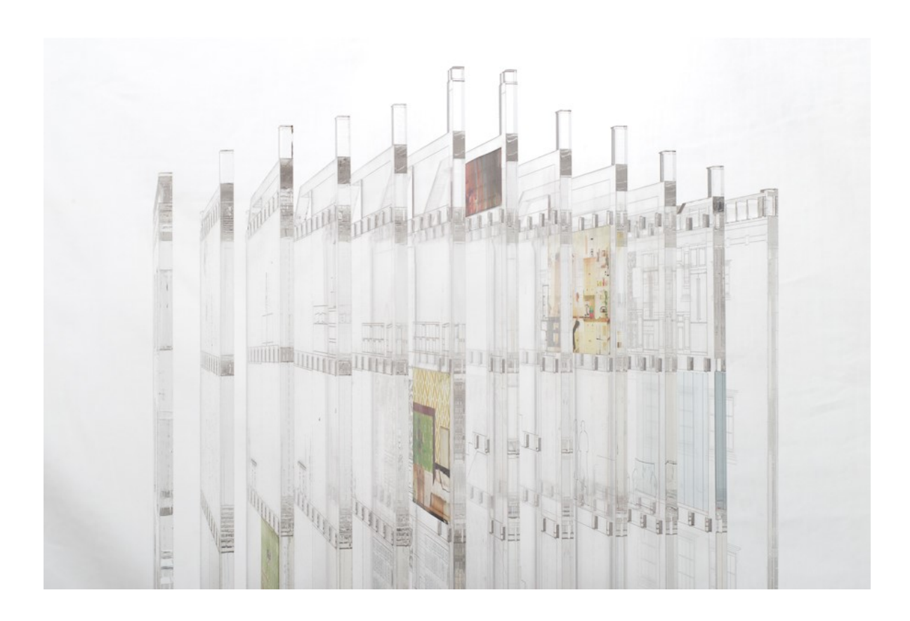
Figure 1. 'Undressing UK Housing' architectural model.
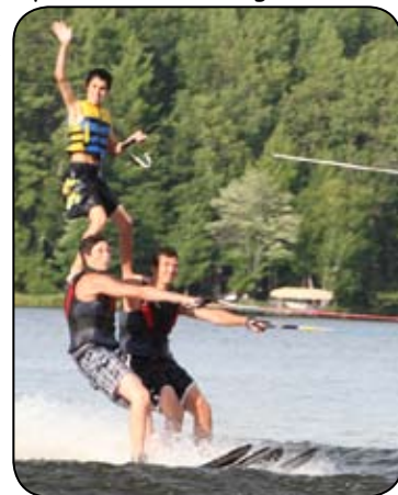
Timberbats Continue to Wow Audiences
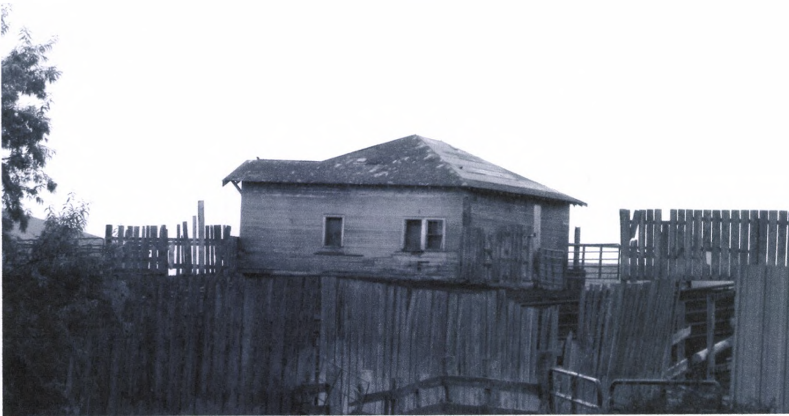
West Side (To the right)
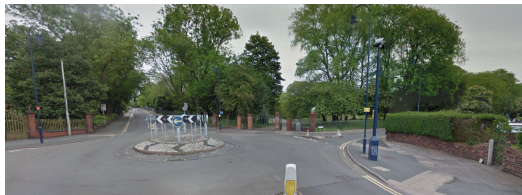
Existing Layout: College Road / The Avenue Junction
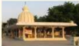
ISKON Temple, Nulhankal
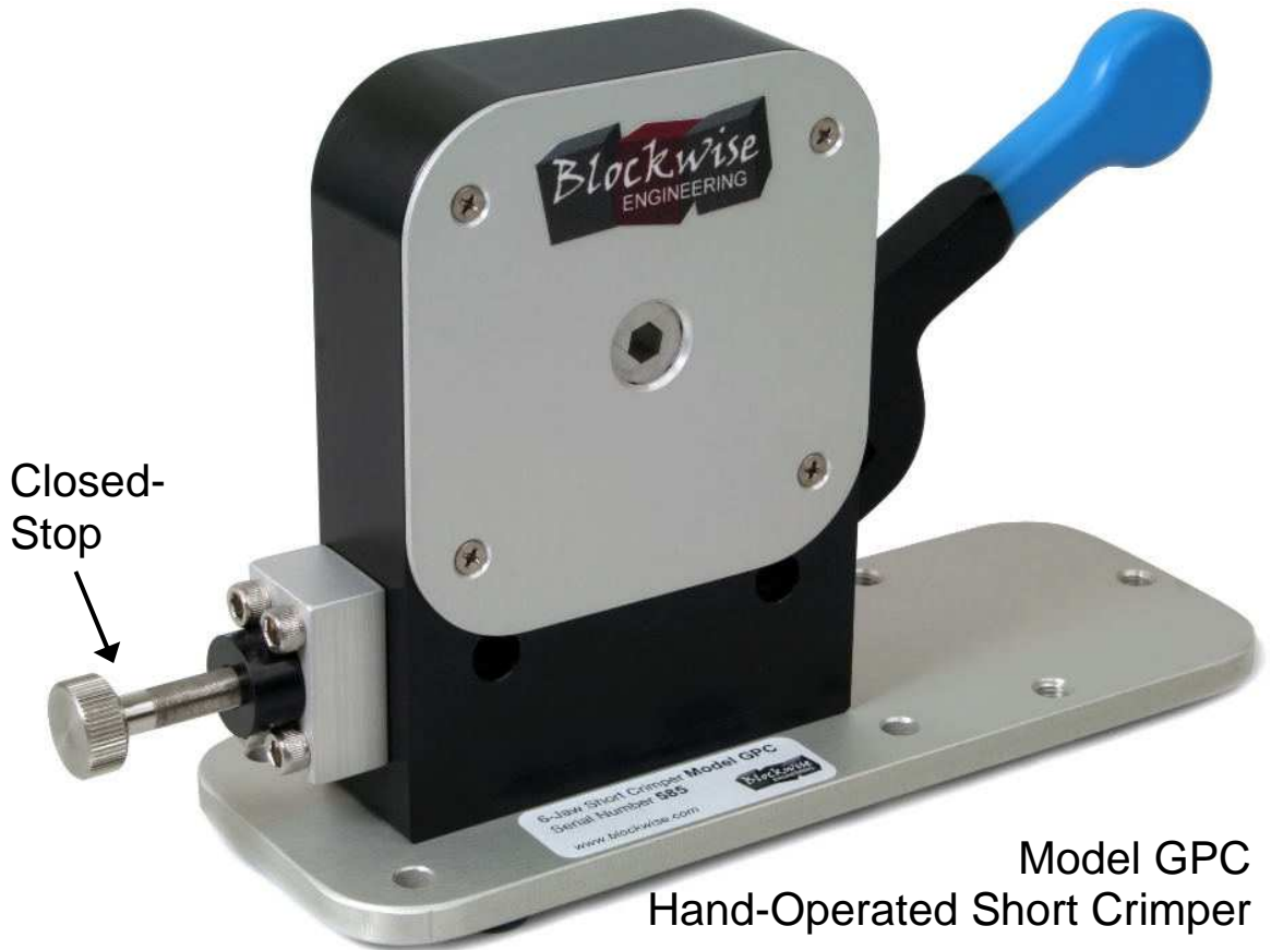
Model GPC Hand-Operated Short Crimper

The model GPC is a hand-actuated crimper with a handle and a mechanical closed-stop. The closed-stop screw may be used to set the crimp diameter. To set the diameter, typically the operator inserts a gage pin of the desired size, then adjusts the stop screw until the jaws touch the pin.
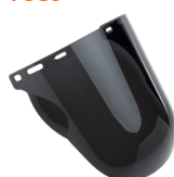
CHINGUARD SMOKE VISOR
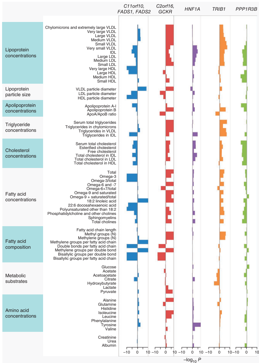
Figure 3 Association of FADS1 , FADS2 , GCKR , HNF1A , TRIB1 and PPP1R3B loci with NMR metabolome. Bars are for -\log_{10} P value, signed for direction of effect.

and glycosylation ( ST3GAL4 , FUT2 and ABO ) and glutathione metabolism ( ALDH5 , GGT1 and GSTT1 ).
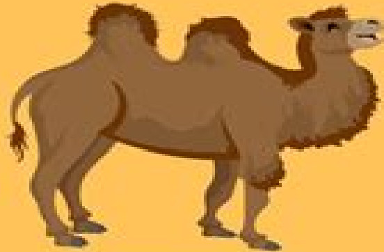
Bactrian Camel (Wild) ( Camelus ferus ) CRITICALLY ENDANGERED
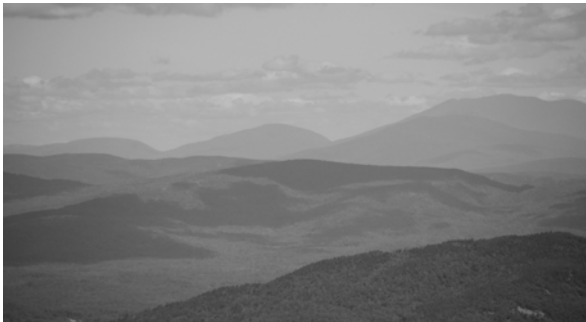
View from Mt. Kearsarge, Wilmot
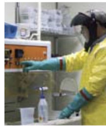
Bio-Technology Cleaning & Decontamination
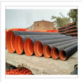
Round Double Wall Corrugated Pipes
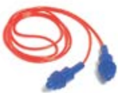
AIRSOFT® REUSABLE EARPLUGS NRR 27dB 7010 Corded, 100 pair
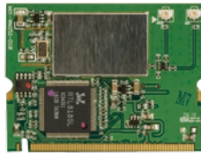
WMR-01 Mini-PCI Realtek Wireless LAN Module
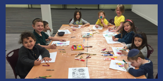
Preschool summer camp in Kollel Youth Center
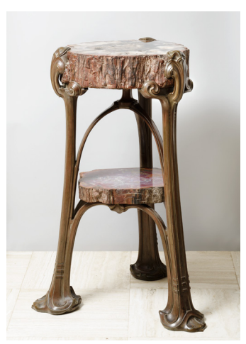
Tripod pedestal table - Victor Horta
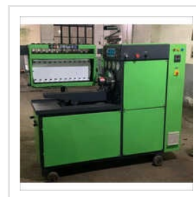
Pump Testing Machine
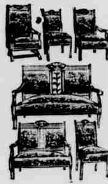
5-piece Parlor Suit; fancy upholstered; as low as $22.50.
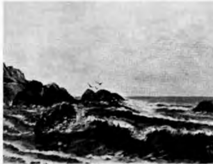
ETHEL GIBBS RAMP LAGUNA BEACH . . . oil
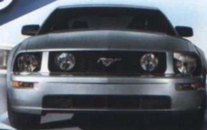
2009 GT, 4.6L 3V V8, 300 HP

In 2009, America celebrates 45 years of Mustang, carrying on a tradition started in 1964 — a tradition that celebrates the automobile, the freedom it gives and the joy of driving.
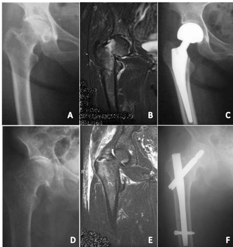
Fig. 3 a X-Ray of occult femoral neck fracture of the right hip. b MRI of the same case showing a Garden II femoral neck fracture. c Postoperative X-ray showing a uncemented bipolar hip. d X-Ray of occult petrochanteric fracture of the right hip. e MRI of the same case showing an incomplete petrochanteric fracture (>50 %). f Postoperative X-ray showing osteosynthesis with a Gamma 3 nail (Stryker, NJ)
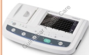
ECG-3150 ECG MACHINE
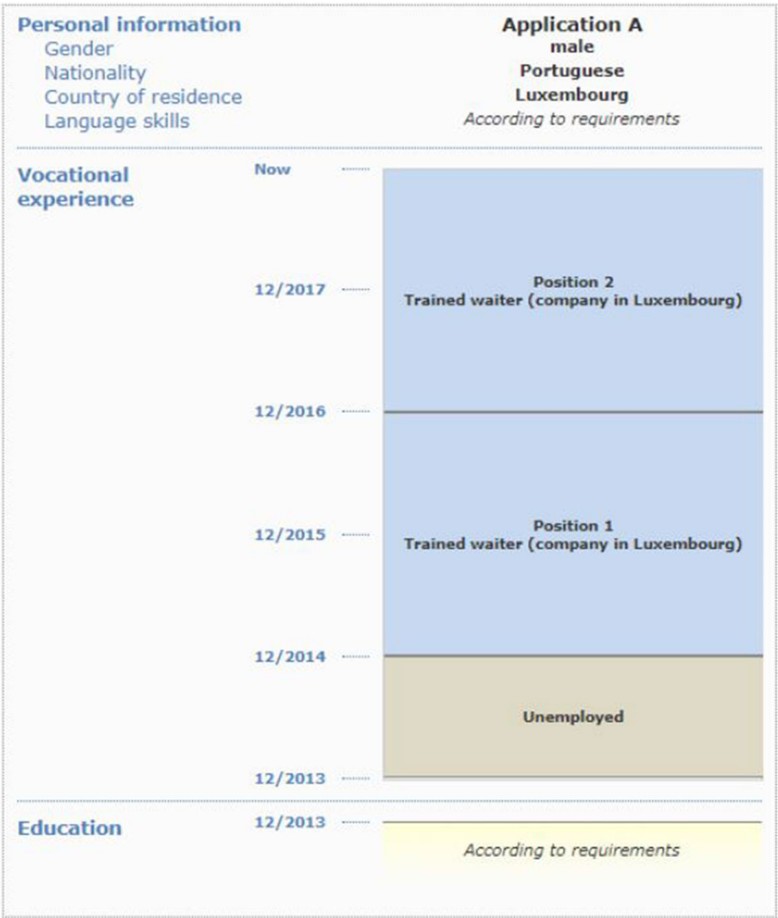
Fig. 1 Example vignette

FSEs have become an established method for studying how recruiters shortlist applicants for a given job (McDonald 2019). The method employs fictitious descriptions of situations, persons, or objects, which are evaluated sequentially by respondents. These descriptions (called ‘vignettes’) comprise multiple dimensions and levels that are experimentally manipulated
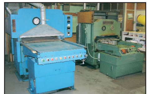
PRECISION plate vulcanizers
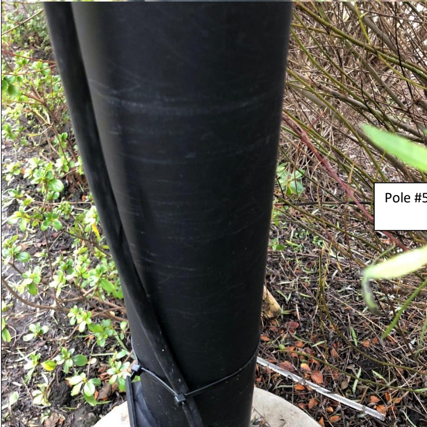
Pole #5: Scratches on the pole
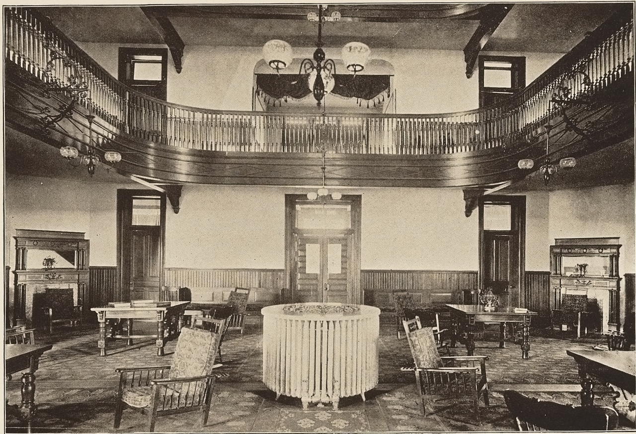
Interior of Girls' Dormitory
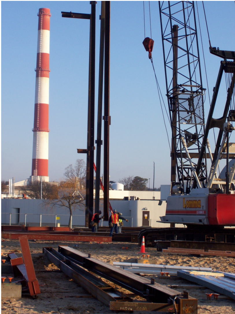
Preparing to Set Column
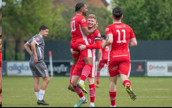
27 April LEAGUE v New Salamis WON 6-1

◇ ◇ ◇ ◇ ◇

*About this task:*
Show every line of the material that includes the string "with".

*Task response:*
The model GPC is a hand-actuated crimper with a handle and a mechanical closed-stop. The closed-stop screw may be used to set the crimp diameter. To set the diameter, typically the operator inserts a gage pin of the desired size, then adjusts the stop screw until the jaws touch the pin.
Figure 3 Association of FADS1 , FADS2 , GCKR , HNF1A , TRIB1 and PPP1R3B loci with NMR metabolome. Bars are for -\log_{10} P value, signed for direction of effect.
Fig. 3 a X-Ray of occult femoral neck fracture of the right hip. b MRI of the same case showing a Garden II femoral neck fracture. c Postoperative X-ray showing a uncemented bipolar hip. d X-Ray of occult petrochanteric fracture of the right hip. e MRI of the same case showing an incomplete petrochanteric fracture (>50 %). f Postoperative X-ray showing osteosynthesis with a Gamma 3 nail (Stryker, NJ)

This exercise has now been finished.